The researchers admitted as much, saying that the project posed a danger of generating unforeseen and unwanted results.

“That fear is not unreasonable,” Levin says. “When we start to mess around with complex systems that we don’t understand, we’re going to get unintended consequences.” 

These concerns were somewhat muted on the researchers’ website which stated ambiguously that “at the moment though it is difficult to see how an AI could create harmful organisms any easier than a talented biologist with bad intentions could.” 

Highlighting the destructive aspect of the project was recognized by the Defense Advanced Research Projects Agency, a federal agency that oversees the development of technology for military use, which partially funded the project.

Scientists Dream of Xenobots as Key to Eternal Youth 

The researchers also envision their creation melding with humans and eliminating death. 

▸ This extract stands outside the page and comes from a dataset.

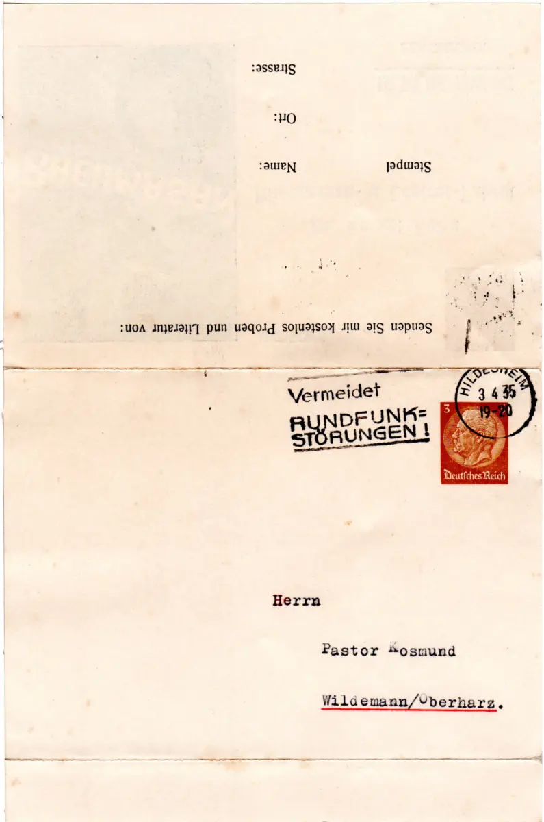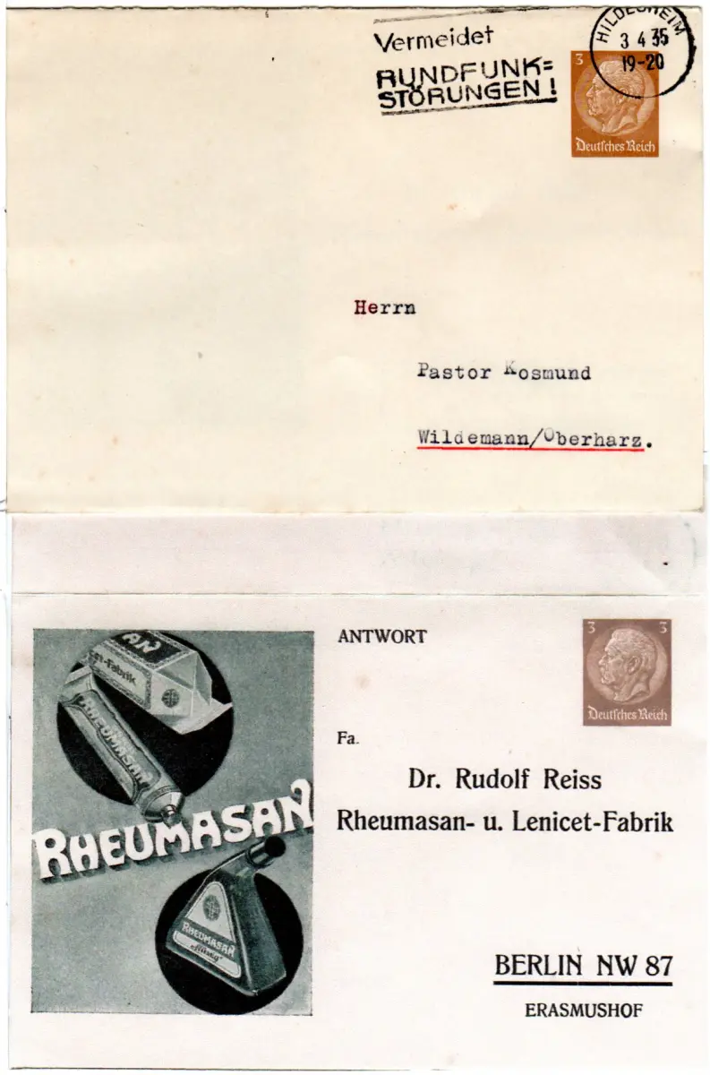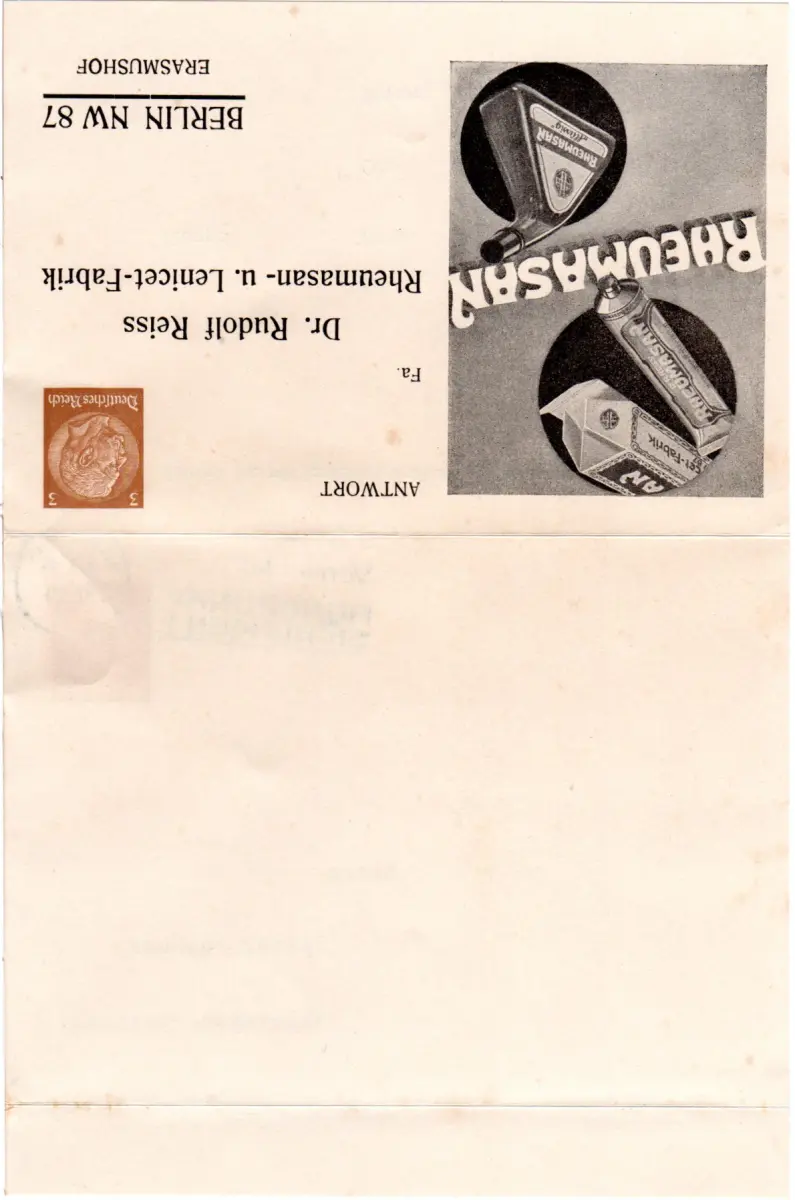 DR 1935, gebr. 3+3 Pf. Privatganzsache-Klappkarte Rheumasan m. Abb.

“If we could make 3D biological form on demand, we could repair birth defects, reprogram tumors into normal tissue, regenerate after traumatic injury or degenerative disease, and defeat aging,” said the researchers’ website. This research could have “a massive impact on regenerative medicine (building body parts and inducing regeneration.)”

Rabbi Halperin was less concerned about the negative Biblical implications of the xenobots. 

“This will not overcome death nor will it be in any way similar to the resurrection of the dead which are entirely within God’s realm,” Rabbi Halperin said. “Though introducing an ‘entirely new life form never before seen in nature’, as they claim, into the human body may be therapeutic but it may also be damaging.”